An additional 1,250 sitting days will be allocated to the Crown court in a bid to held reduce the growing backlog, deputy prime minister and incoming lord chancellor David Lammy will announce today.

The funding boost means the Crown court will be able to sit for 111,250 days this year up from 5,000 last year and reaching the highest levels on record.

The news follows a Ministry of Justice report earlier this month which showed the Crown court backlog had also reached a new high climbing to 78,329 between April and June this year – up from 76,957 at the start of 2025.

Lammy, who will make the announcement in his first speech after being sworn in as lord chancellor at the opening of the legal year, said: ‘The Crown court backlog we inherited stands at over 78,000 and behind each case is a real person, waiting years for justice. That is why we are acting with the biggest investment on record as part of our plan for change.

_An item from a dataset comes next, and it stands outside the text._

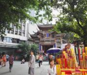 罗汉寺的出名,要归因于那部最早让大家认识重庆的电影《疯狂的石头》。罗汉寺的位置,可算大隐隐于市,竟然就在渝中区最热闹的小十字站。从长江索道入口步行十分钟,就是罗汉寺的大门。我们是乘长江索道后吃好午饭,转了一圈才找到罗汉寺,靠近解放碑。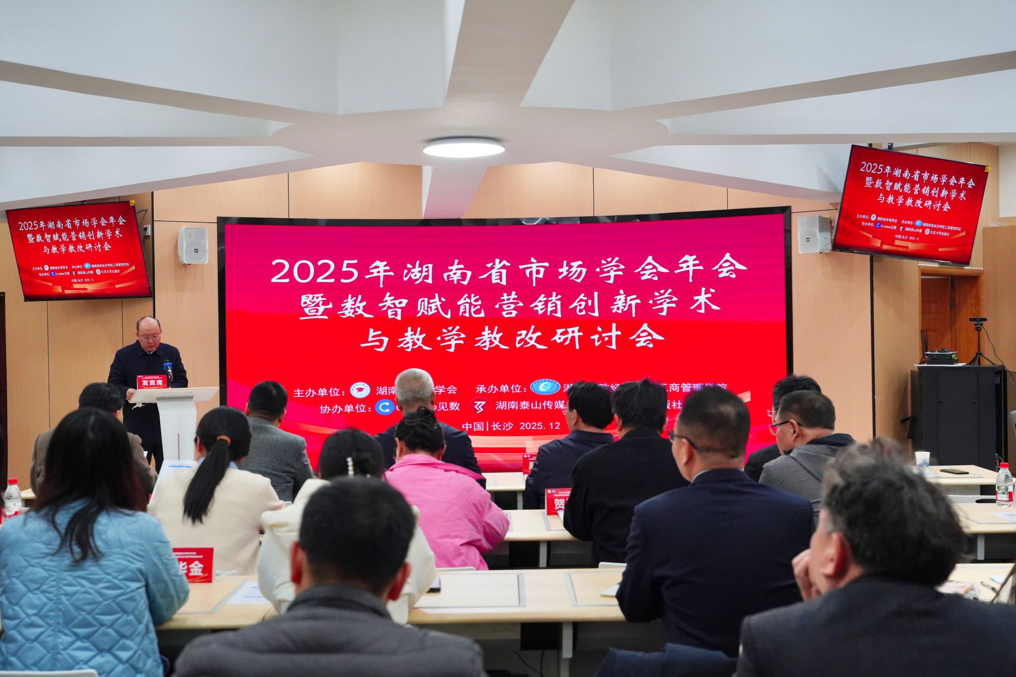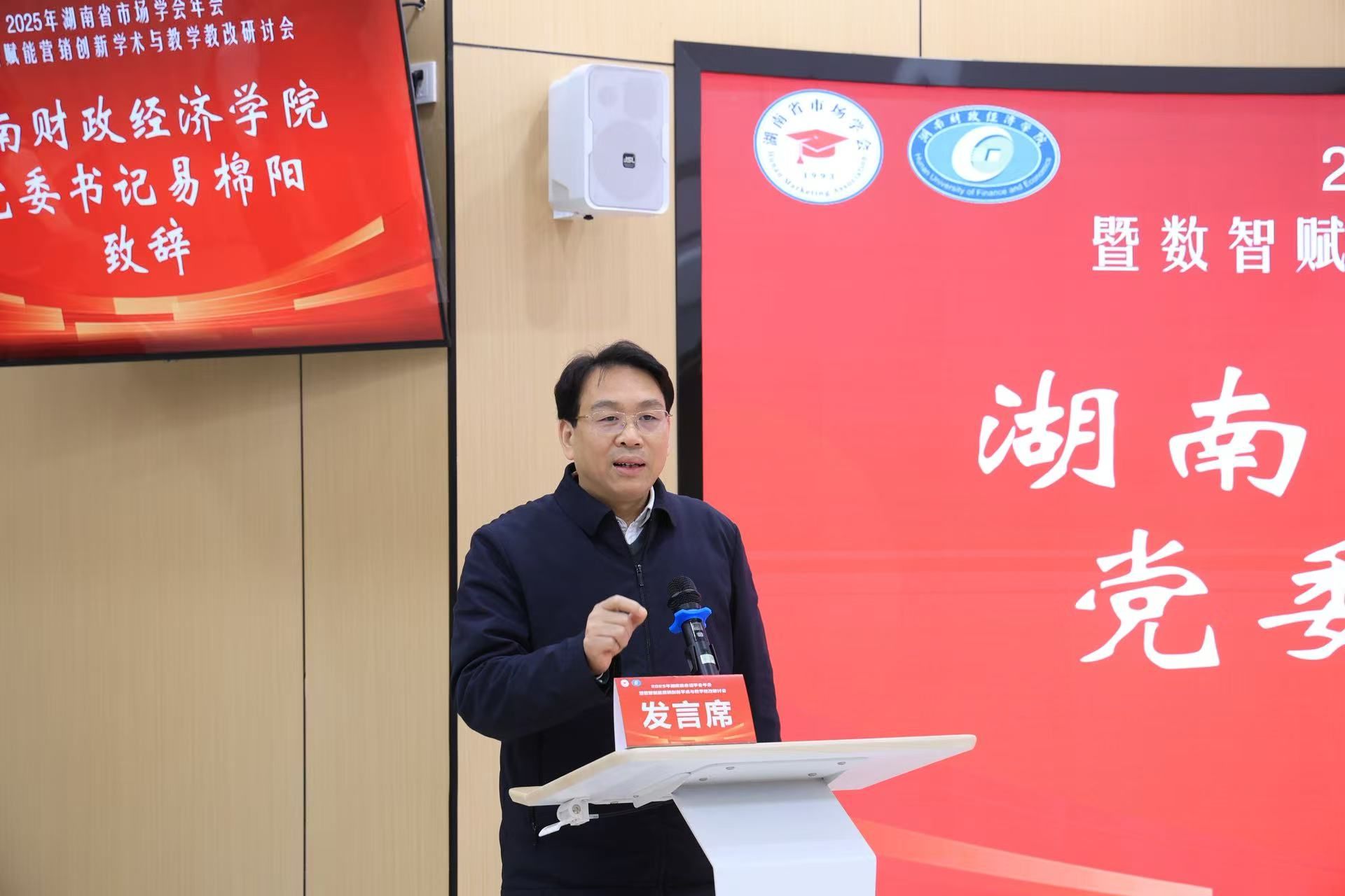 12月27日,由湖南省市场学会主办、湖南财政经济学院承办的“2025年湖南省市场学会年会暨数智赋能营销创新学术与教学教改研讨会”在湖南长沙举行。来自全国30余所高等院校、科研机构、企事业单位的近百位专家学者、一线教师及学生代表共襄盛会,共同探讨数智时代市场营销领域的学术前沿与教学实践革新。校党委书记易棉阳致辞。党委委员、副校长赵鹤平主持开幕式。

‘An additional 1,250 sitting days will be allocated to the Crown court this financial year, allowing it to hear many extra cases. We know there is more to do, and generational reform that cannot wait, but this investment will help ease the torment and bring swifter justice to many more victims.’

Lammy's announcement follows one made by by his predecessor habana Mahmood, in March this year, adding 4,000 sitting days to those initially allocated taking the total to 110,000. That was a further increase from December 2024 when  Mahmood, now home secretary, promised 2,000 additional sitting days. 

 

Sir Brian Leveson’s first review of the courts, published earlier this year, with the second part to be published in the latter part of 2025, recommended greater consideration of out-of-court resolutions, expanded deferred prosecution schemes, establishing a new division of the Crown court with cases heard by a judge and two magistrates and serious and complex fraud cases to be tried by a judge alone as well as allowing defendants in the Crown court to be tried by a judge, not a jury.